Data Storage (DTST) Q3 2024 earnings summary
Event summary combining transcript, slides, and related documents.
Q3 2024 earnings summary
14 Jan, 2026Executive summary
Achieved $5.81 million in Q3 2024 revenue, a 3% year-over-year decline, reflecting a shift to high-margin recurring subscription revenue over one-time sales.
Maintained profitability for Q3 and the nine-month period, with net income of $122,000 for Q3 and $235,000 for nine months, despite lower one-time sales.
Expanded into high-growth, regulated sectors (insurance, healthcare, education) with new contracts and partnerships, and strengthened U.S. and U.K. infrastructure, including new data centers and leadership appointments.
Continued focus on subscription-based services, international expansion (notably the UK and EU), and cross-selling following the merger of CloudFirst Technologies and Flagship Solutions.
Cash and marketable securities totaled $11.9 million as of September 30, 2024, with no long-term debt.
Financial highlights
Q3 2024 revenue: $5.81 million (down 3% year-over-year); nine-month revenue: $19.0 million (up 1% year-over-year).

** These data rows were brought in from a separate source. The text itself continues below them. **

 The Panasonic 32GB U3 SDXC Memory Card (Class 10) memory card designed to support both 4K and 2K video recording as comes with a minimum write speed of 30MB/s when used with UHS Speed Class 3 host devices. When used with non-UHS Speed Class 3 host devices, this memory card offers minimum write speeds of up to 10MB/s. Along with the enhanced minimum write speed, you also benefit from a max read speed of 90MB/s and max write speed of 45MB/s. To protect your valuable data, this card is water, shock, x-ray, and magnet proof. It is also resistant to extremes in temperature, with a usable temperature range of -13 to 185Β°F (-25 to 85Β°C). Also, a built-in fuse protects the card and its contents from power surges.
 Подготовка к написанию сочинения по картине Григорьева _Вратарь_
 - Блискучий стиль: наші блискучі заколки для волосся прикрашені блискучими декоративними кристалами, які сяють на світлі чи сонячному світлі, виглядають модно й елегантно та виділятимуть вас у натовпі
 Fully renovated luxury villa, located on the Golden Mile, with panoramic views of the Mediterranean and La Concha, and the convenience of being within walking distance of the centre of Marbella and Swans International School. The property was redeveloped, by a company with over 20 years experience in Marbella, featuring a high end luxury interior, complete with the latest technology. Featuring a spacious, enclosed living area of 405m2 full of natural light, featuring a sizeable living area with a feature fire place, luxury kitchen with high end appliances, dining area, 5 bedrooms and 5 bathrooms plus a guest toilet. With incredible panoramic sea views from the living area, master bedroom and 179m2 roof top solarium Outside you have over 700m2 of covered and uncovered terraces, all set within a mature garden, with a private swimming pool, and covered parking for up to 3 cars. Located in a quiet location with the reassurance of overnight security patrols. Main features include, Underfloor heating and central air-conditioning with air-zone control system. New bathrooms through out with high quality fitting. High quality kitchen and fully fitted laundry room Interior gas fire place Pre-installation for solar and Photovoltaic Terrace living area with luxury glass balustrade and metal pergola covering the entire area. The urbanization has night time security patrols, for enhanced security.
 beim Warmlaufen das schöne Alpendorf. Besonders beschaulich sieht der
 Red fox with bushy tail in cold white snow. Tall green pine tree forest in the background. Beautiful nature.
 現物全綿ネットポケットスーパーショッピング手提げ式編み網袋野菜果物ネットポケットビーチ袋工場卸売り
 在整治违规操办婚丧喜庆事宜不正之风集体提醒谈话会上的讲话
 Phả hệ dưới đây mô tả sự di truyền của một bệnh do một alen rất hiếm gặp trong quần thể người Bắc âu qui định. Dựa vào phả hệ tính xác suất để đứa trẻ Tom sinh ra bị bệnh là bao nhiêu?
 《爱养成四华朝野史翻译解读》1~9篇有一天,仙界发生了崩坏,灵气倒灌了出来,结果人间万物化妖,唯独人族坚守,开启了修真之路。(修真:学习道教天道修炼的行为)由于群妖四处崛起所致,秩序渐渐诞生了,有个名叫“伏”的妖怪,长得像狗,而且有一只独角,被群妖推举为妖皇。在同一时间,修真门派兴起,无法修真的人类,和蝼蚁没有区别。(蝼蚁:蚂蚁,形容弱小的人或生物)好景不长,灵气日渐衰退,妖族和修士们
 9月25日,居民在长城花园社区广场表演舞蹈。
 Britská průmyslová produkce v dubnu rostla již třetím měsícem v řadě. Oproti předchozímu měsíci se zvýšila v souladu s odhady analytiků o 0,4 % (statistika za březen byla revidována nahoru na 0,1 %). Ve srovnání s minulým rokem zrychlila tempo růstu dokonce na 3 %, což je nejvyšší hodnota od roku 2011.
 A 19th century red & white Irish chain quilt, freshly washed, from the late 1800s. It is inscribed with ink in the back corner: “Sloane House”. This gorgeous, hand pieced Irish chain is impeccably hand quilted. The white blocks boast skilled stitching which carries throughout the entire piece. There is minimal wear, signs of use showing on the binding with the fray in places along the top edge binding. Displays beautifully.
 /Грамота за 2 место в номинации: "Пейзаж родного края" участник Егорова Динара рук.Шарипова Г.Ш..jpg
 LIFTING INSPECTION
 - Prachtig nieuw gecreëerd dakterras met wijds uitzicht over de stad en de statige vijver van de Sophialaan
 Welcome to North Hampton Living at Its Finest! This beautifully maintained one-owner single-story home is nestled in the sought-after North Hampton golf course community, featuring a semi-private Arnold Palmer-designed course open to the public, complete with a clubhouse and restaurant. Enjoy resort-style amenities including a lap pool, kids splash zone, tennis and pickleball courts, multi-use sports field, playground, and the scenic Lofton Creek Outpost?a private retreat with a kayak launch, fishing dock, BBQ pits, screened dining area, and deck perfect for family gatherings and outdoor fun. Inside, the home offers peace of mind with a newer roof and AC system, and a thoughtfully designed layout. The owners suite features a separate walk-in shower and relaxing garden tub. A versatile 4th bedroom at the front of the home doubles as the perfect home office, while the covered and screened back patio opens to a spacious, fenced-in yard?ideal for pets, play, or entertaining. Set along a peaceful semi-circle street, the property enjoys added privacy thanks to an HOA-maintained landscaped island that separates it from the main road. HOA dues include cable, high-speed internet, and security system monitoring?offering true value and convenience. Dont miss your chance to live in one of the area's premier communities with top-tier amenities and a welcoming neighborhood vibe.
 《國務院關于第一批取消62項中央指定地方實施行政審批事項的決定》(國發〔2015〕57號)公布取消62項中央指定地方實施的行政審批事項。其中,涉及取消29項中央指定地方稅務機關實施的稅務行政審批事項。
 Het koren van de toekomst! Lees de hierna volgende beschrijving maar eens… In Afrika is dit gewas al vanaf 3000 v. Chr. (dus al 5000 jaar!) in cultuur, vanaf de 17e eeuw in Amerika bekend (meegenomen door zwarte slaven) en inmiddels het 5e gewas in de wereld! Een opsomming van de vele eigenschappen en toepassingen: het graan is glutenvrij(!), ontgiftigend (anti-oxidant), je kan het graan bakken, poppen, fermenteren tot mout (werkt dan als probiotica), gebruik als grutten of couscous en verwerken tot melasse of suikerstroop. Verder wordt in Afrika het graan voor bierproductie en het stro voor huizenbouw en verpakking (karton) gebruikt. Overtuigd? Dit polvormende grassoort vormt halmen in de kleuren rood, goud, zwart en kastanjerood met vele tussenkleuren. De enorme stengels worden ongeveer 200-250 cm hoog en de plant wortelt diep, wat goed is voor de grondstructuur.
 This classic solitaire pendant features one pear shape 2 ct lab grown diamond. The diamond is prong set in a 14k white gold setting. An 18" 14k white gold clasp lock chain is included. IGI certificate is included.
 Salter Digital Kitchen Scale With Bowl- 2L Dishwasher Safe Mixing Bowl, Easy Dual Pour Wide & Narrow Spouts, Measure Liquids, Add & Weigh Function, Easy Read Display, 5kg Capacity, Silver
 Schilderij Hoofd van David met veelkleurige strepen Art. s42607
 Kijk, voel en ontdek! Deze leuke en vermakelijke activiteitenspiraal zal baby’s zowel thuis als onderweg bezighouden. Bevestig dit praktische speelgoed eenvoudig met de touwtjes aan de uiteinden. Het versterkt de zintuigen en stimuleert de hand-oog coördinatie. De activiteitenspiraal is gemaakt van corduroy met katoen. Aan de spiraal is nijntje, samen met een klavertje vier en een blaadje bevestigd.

Gross profit margin improved to 43.2% in Q3 2024 from 38.9% in Q3 2023; Q3 gross profit was $2.51 million, up 8% year-over-year.
Adjusted EBITDA for Q3 2024: $515,000, up from $486,000 in Q3 2023; nine-month adjusted EBITDA: $1.4 million.
Net income for Q3 2024: $122,000 (down from $179,000 prior year); nine-month net income: $235,000 (down from $456,000 prior year).
Ended Q3 2024 with $11.9 million in cash and marketable securities, and working capital of $11.6 million.
Outlook and guidance
Projected recurring revenue for 2025 expected to exceed $20 million, with baseline revenue estimated at $21 million, including $5–6 million in software/hardware renewals and $2–2.4 million in managed services.
Renewal rates estimated at 92% for revenue and 94% for clients, with cloud services margins around 60%.
Built-in contract price increases up to 10% on renewals, supporting revenue growth.
Management expects continued positive EBITDA from subsidiary operations and is focused on international expansion, particularly in the UK and EU, with new data center agreements commencing in 2025.
Strategic investments in infrastructure and international expansion are expected to drive future growth and broaden market impact.